Feb 19 '25 13:02 simonschoe

@simonschoe With the new INLINE group, we have partially solved this indeed. We will also extend the to_markdown to all DocItems gradually.

Feb 28 '25 11:02 PeterStaar-IBM

@PeterStaar-IBM will the new MarkdownTextSerializer (https://github.com/docling-project/docling-core/blob/b91e6c79b8bc72a6058f31c27bed5a0a60e40bf0/docling_core/experimental/serializer/markdown.py#L66-L120) soon be available as part of export_to_markdown functions for document items other than images or tables? Super looking forward to the feature!

Mar 30 '25 07:03 simonschoe

Hi @simonschoe

[!IMPORTANT]
The new Serialization API is currently in "beta" under docling_core.experimental.serializer, i.e.

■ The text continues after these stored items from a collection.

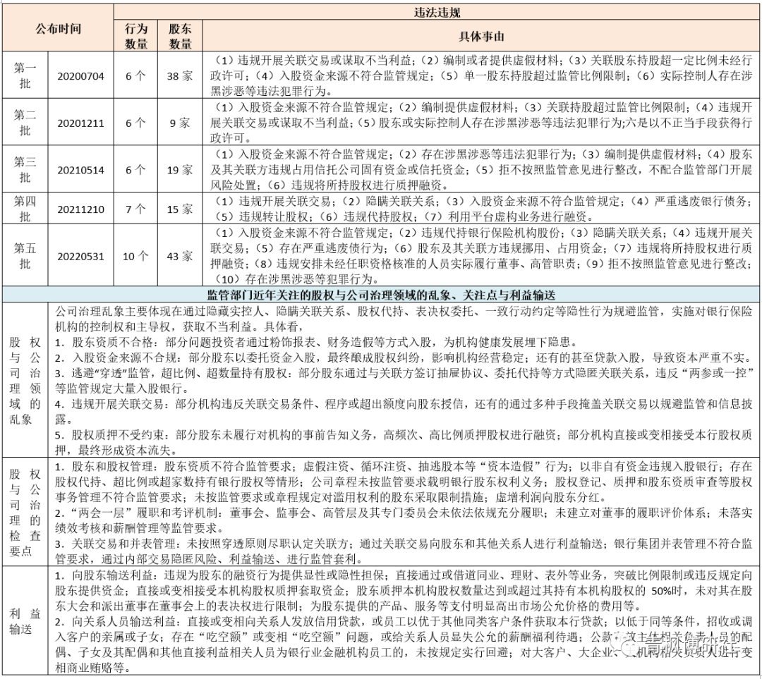(二)股東行為不合規不審慎。主要體現在股東入股資金不實、違規股權代持、主要股東違反“兩參一控”規定、主要股東違規干預經營管理、中小股東未能有效參與治理等以及股東資質未能持續符合監管要求、股東股權質押比例過高、銀行變相接受本行股權質押并提供授信、股東持股比例超過監管限制。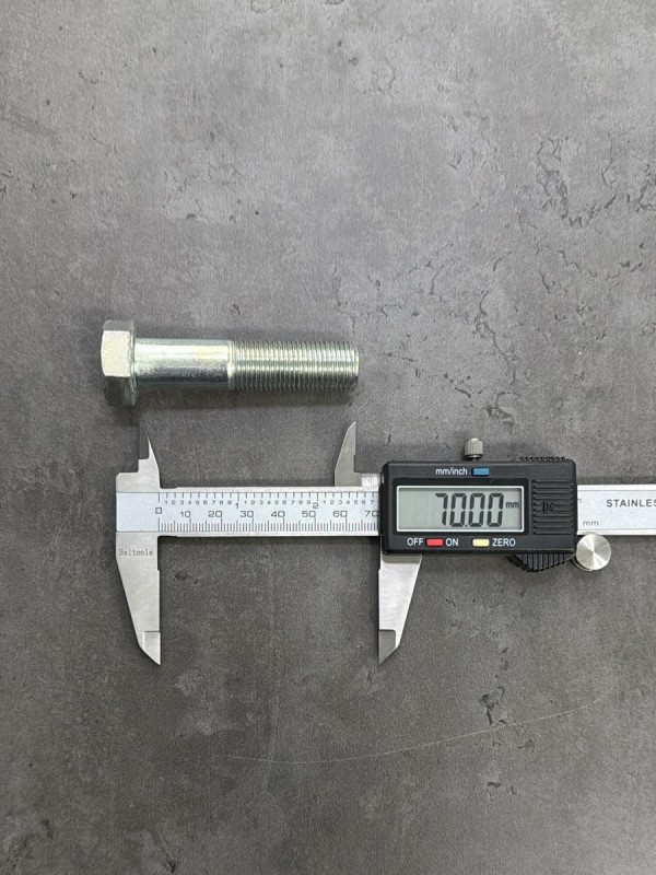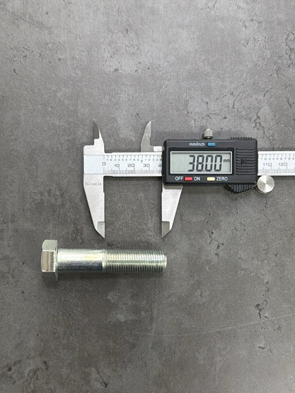 Болт с шестигранной головкой, высокопрочный, мелкий шагом резьбы. Стандарт: таблица FIAT-ВАЗ 10312. Диаметр резьбы: 12 мм. Шаг резьбы: 1,25 (мелкий). Длина болта: 25 мм. Длина резьбы: 25 мм. Размер "под ключ": 19 мм. Класс прочности: 10.9. Покрытие: цинк-ламель. В соответствии со стандартами, длина болта измеряется от опорной части головки до конца фаски, которой завершается его резьбовой стержень.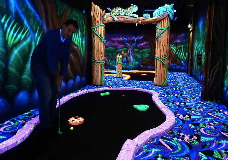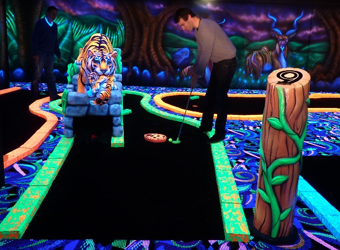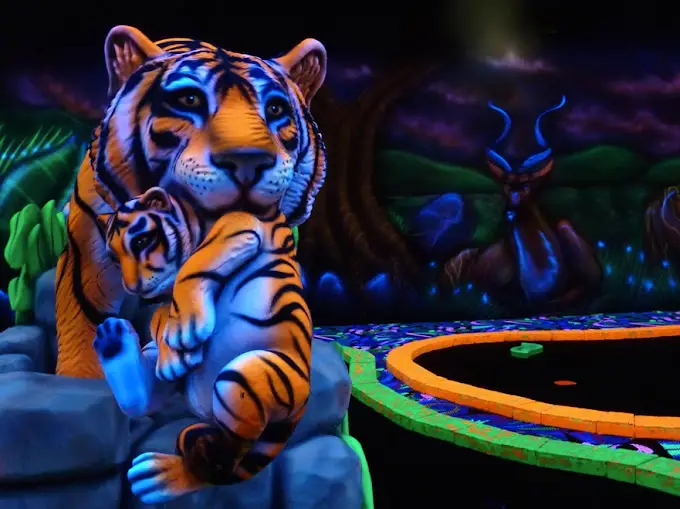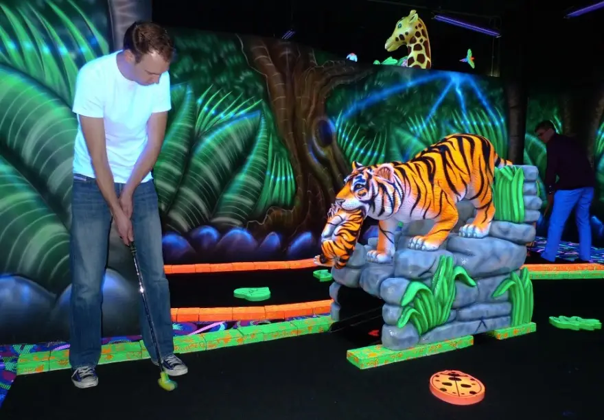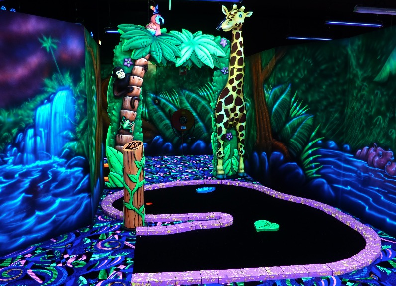 Prenez un club chez GlowGolf® Middelburg et plongez dans une jungle indoor unique de 18 trous en mode glow-in-the-dark. Faites rouler la balle entre des tigres et éléphants 3D grandeur nature, avancez à travers la jungle lumineuse et prenez un selfie avec les singes. GlowGolf Middelburg, c’est un safari de mini-golf magique que vous n’oublierez jamais ! Envie de prolonger le plaisir ? Combinez GlowGolf avec une partie de bowling ou l’un des escape games palpitants de Podium19.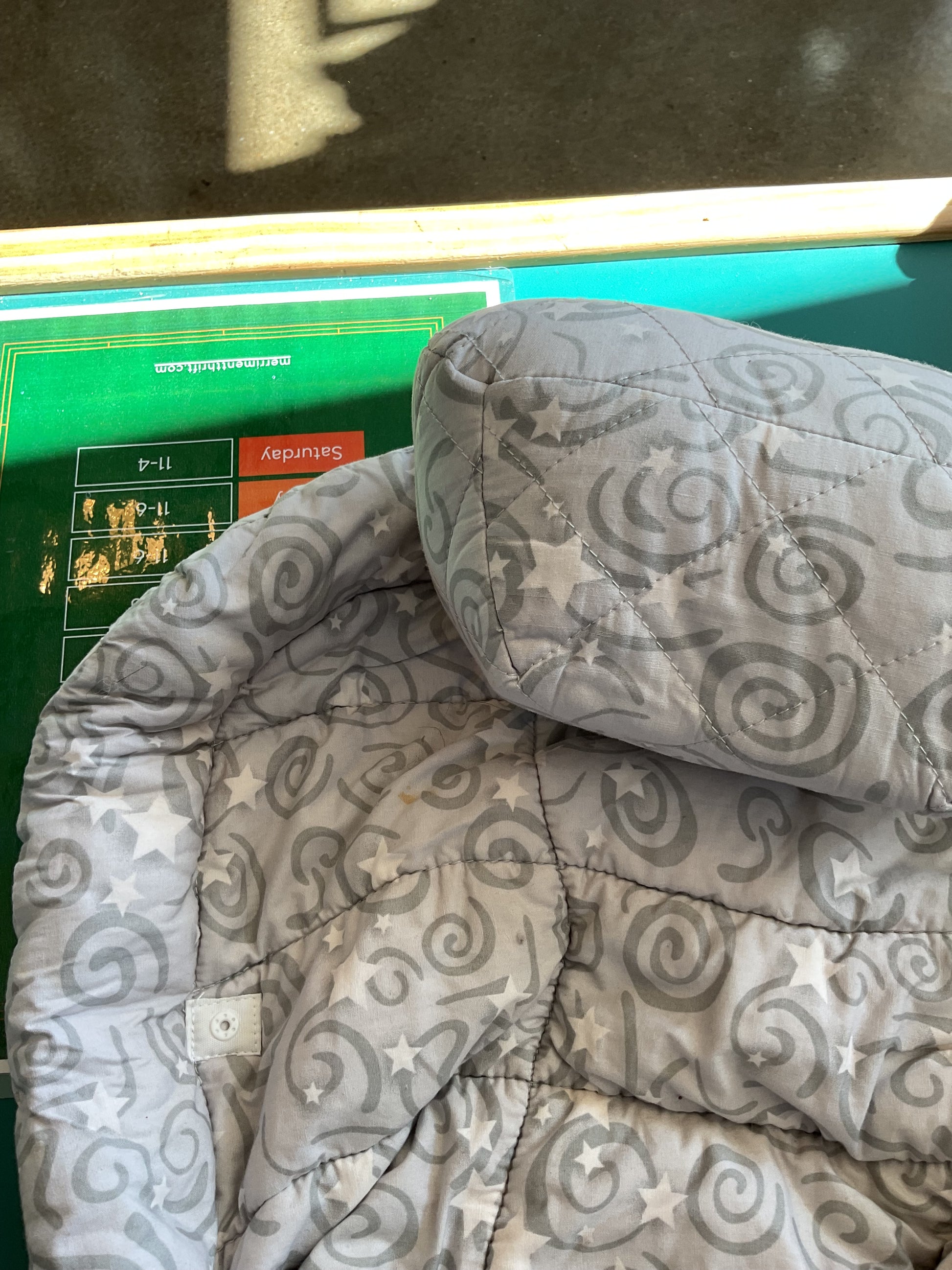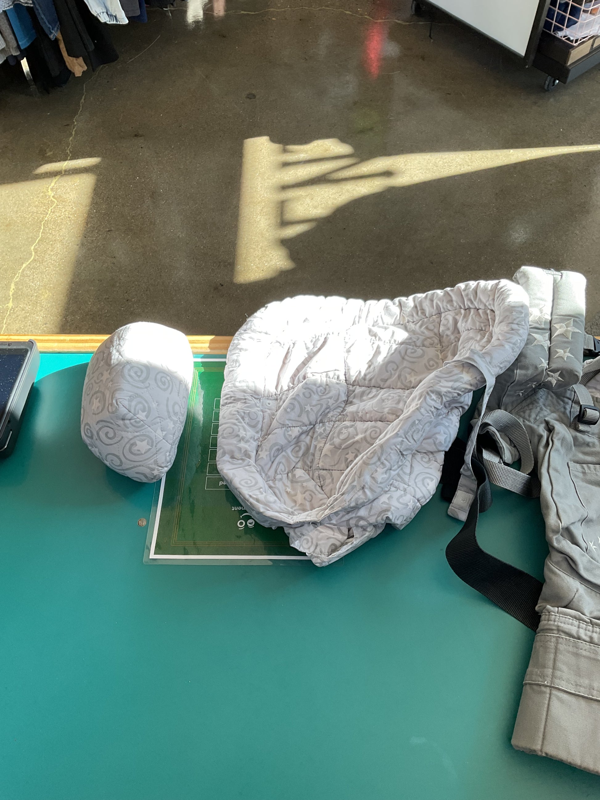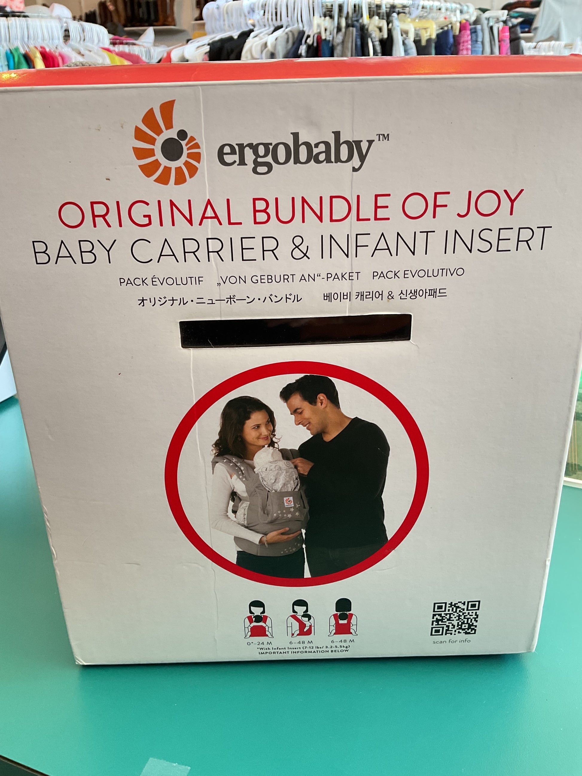 This Ergobaby Original Bundle of Joy Baby Carrier & Infant Insert comes with original box and instructions. With multiple ways to carry your little one, this adaptable carrier is sure to help you both stay comfortable. There are two little stains on infant insert (pictured). The carrier is grey with white stars accenting.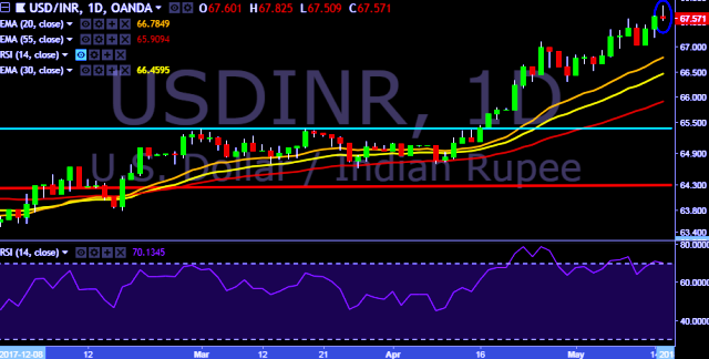 We prefer to take long position in USD/INR around 67.50, stop loss at 67.15 and target of 68.21/68.50.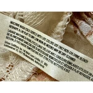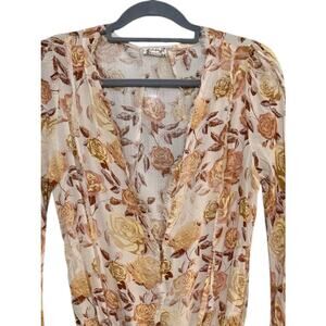 Designed in a sheer floral print with rose tones, it features long bell sleeves, a deep V-neckline, and delicate lace trim at the bottom. Perfect for layering with jeans, skirts, or under blazers for an effortlessly chic look. Women’s size Small.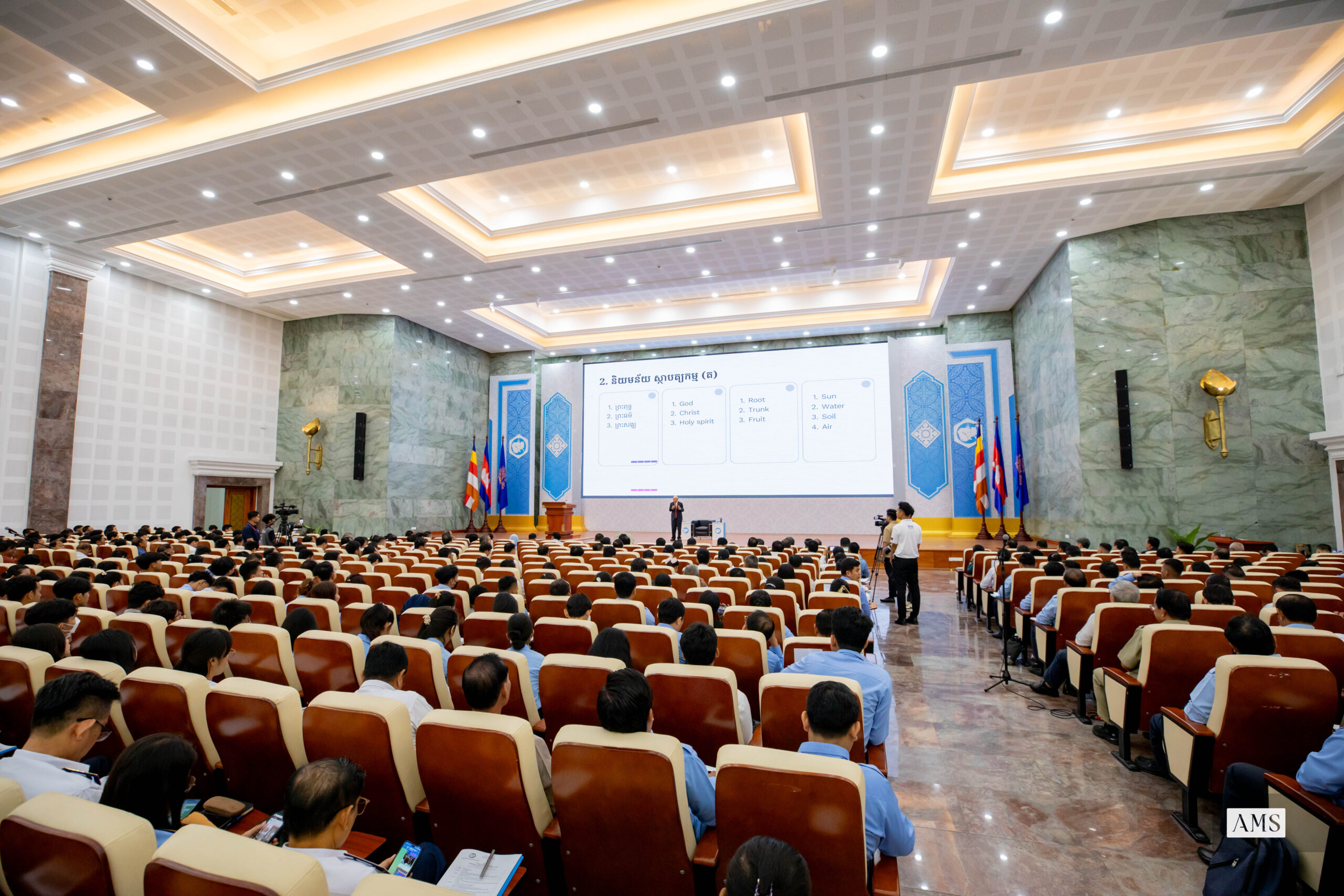 ក្នុងពិធីបើកសិក្ខាសាលាស្ដីពីការបណ្តុះបណ្តាលផ្នត់គំនិតស្ថាបត្យកម្ម គំនិតផ្តួចផ្តើមសាលារៀនកម្ពុជា នៅទីស្ដីការក្រសួងរៀបចំដែនដី នគរូបនីយកម្ម និងសំណង់ នាព្រឹកថ្ងៃទី១៣ ខែវិច្ឆិកា ឆ្នាំ២០២៥ ឯកឧត្តម ហង្ស សុតសំភារ រដ្ឋលេខាធិការ ក្រសួងរៀបចំដែនដី នគរូបនីយកម្ម និងសំណង់ (ដ.ន.ស) បានលើកឡើងពីទស្សនទាន៣សំខាន់ៗ ដើម្បីលើកកម្ពស់ស្ថាបត្យកម្មកម្ពុជា។

the import package WILL change

the API MAY still slightly change

With that in mind, with the new Serialization API you can indeed instantiate the DocSerializer of your preference, e.g. the MarkdownDocSerializer, and call serialize(), passing the specific item you want to serialize (here).

This snippet in the context of the current image-targeted export_markdown() implementation shows a usage example.

Does this answer your question?

Apr 02 '25 18:04 vagenas

@vagenas Exactly what I was looking for thanks for the pointer! Minor comment: not sure why but the serializer serializes & to &.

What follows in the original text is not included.